Let’s say you want to investigate the use of “tweet” as a verb (see “Tweet this” at Language Log), and you want to collect, oh, 10,000 examples or so and do some concordance work, for example:
What iss the most popular question then? Tweet the answer and hopefully u may only get asked 500 times?
what is there to tweet about this morning?
What is your biggest food weakness? Tweet @Thintervention for motivation! #thinterventionG
This is simple to do with a bash command line, perl, Ruby, the Tweetstream gem, and a spreadsheet program (or just plain old grep).
To download 10,000 tweets containing “tweet,” “tweets”, or “tweeting” and save them in a file called “tweet.tweets”:
> @client = TweetStream::Client.new('user','pass')
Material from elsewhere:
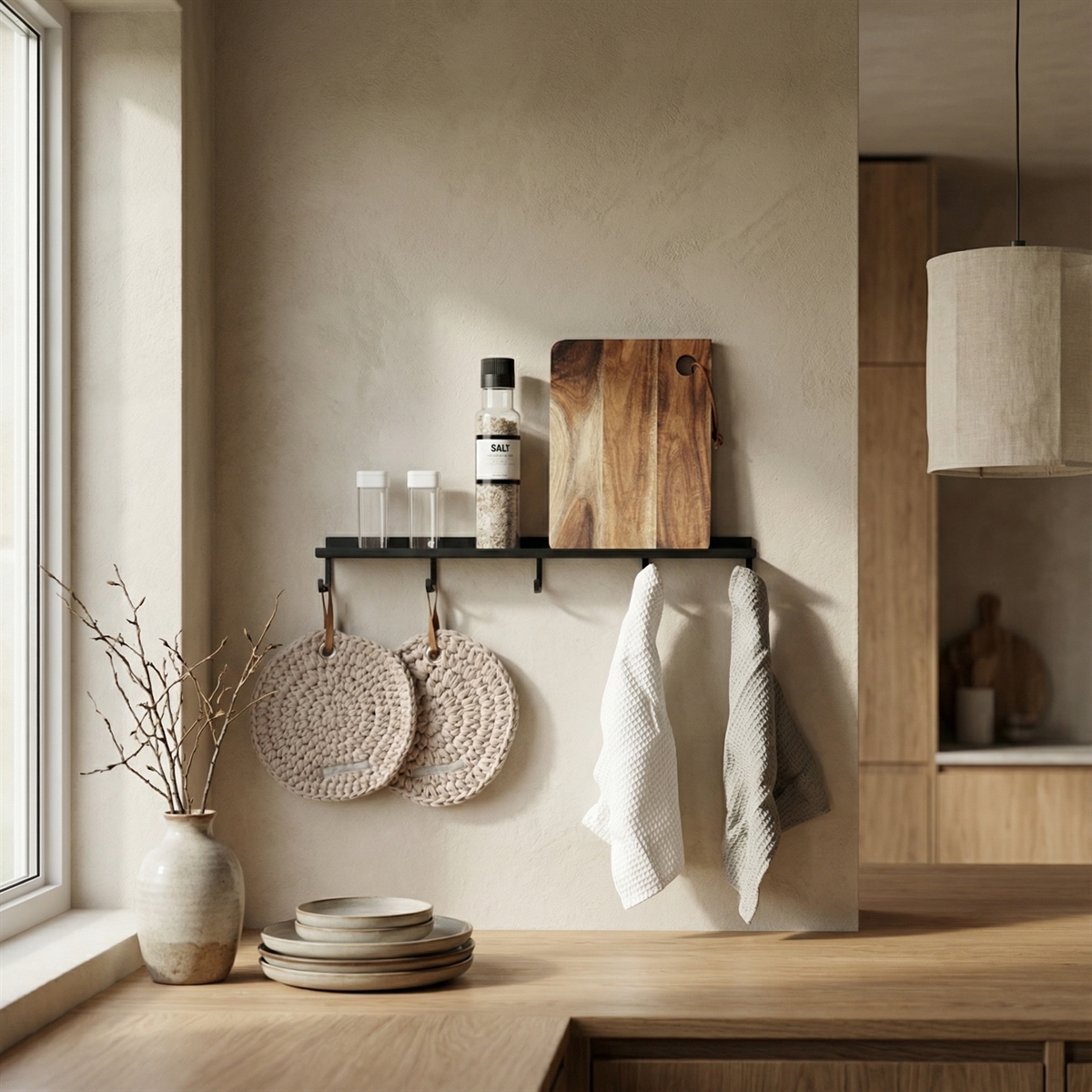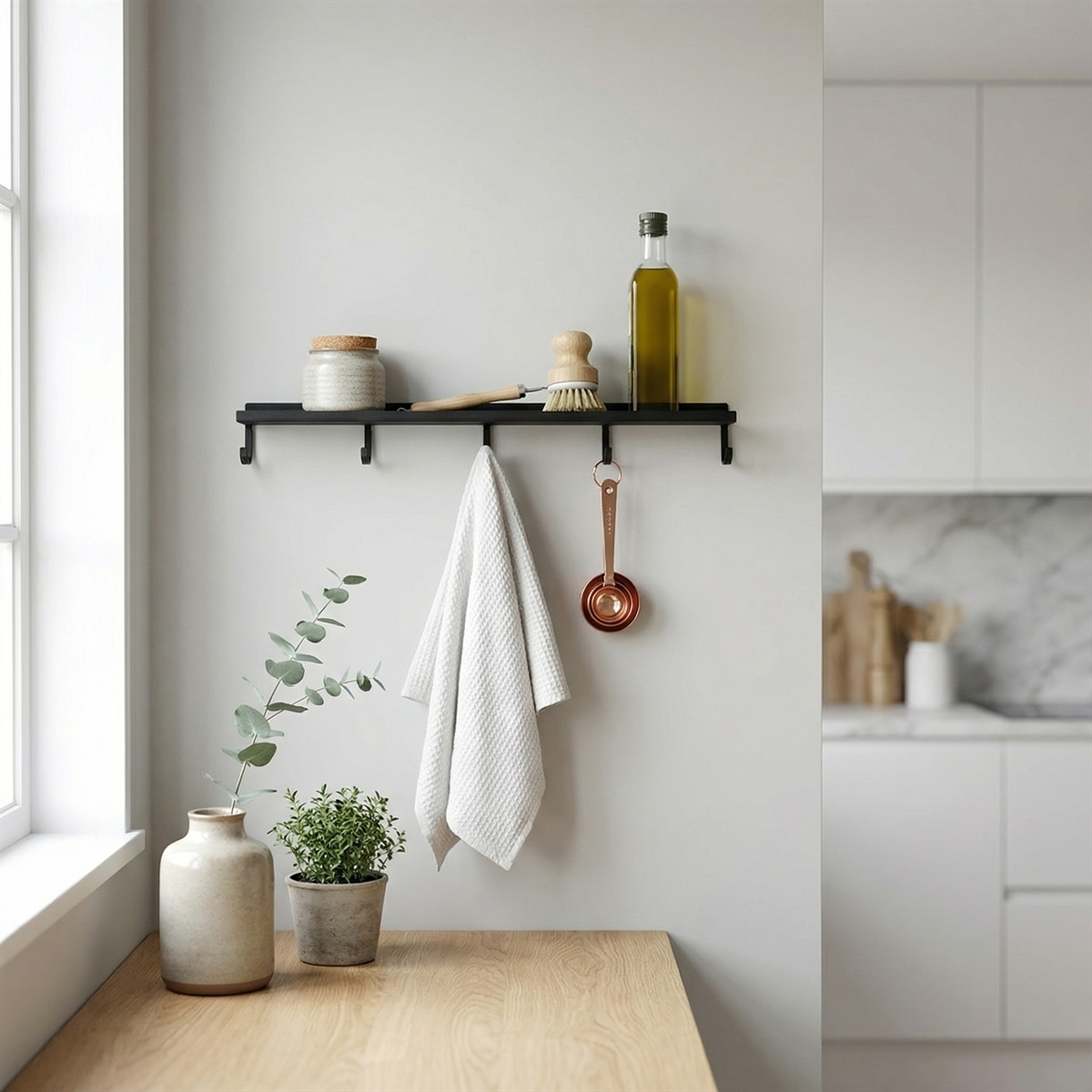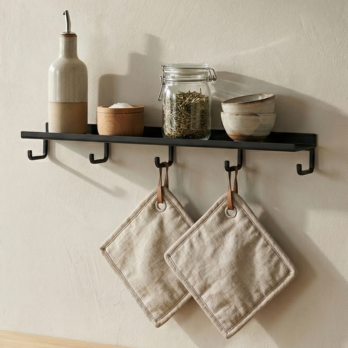 Stilren Como hylde med knager i metal. Denne er mat sort.

> File.open("tweet.tweets", "w+") do |f|
n = 0
@client.track('tweet','tweets','tweeting') do |s|
@client.stop if n >= 10000
When these are finished downloading, you can tab separate the contexts using perl, and sort on the right context:
> cat tweet.tweets | perl -pe 's/\b(tweet|tweets|tweeting)\b/\t$1\t/gi' |sort -f -k2,3 -t\t > tweets.txt
You can then import this file into your speadsheet program and slice and dice to your heart’s content.
Note: it took longer to write this blog post than it did to collect the data. Analysis to follow, though!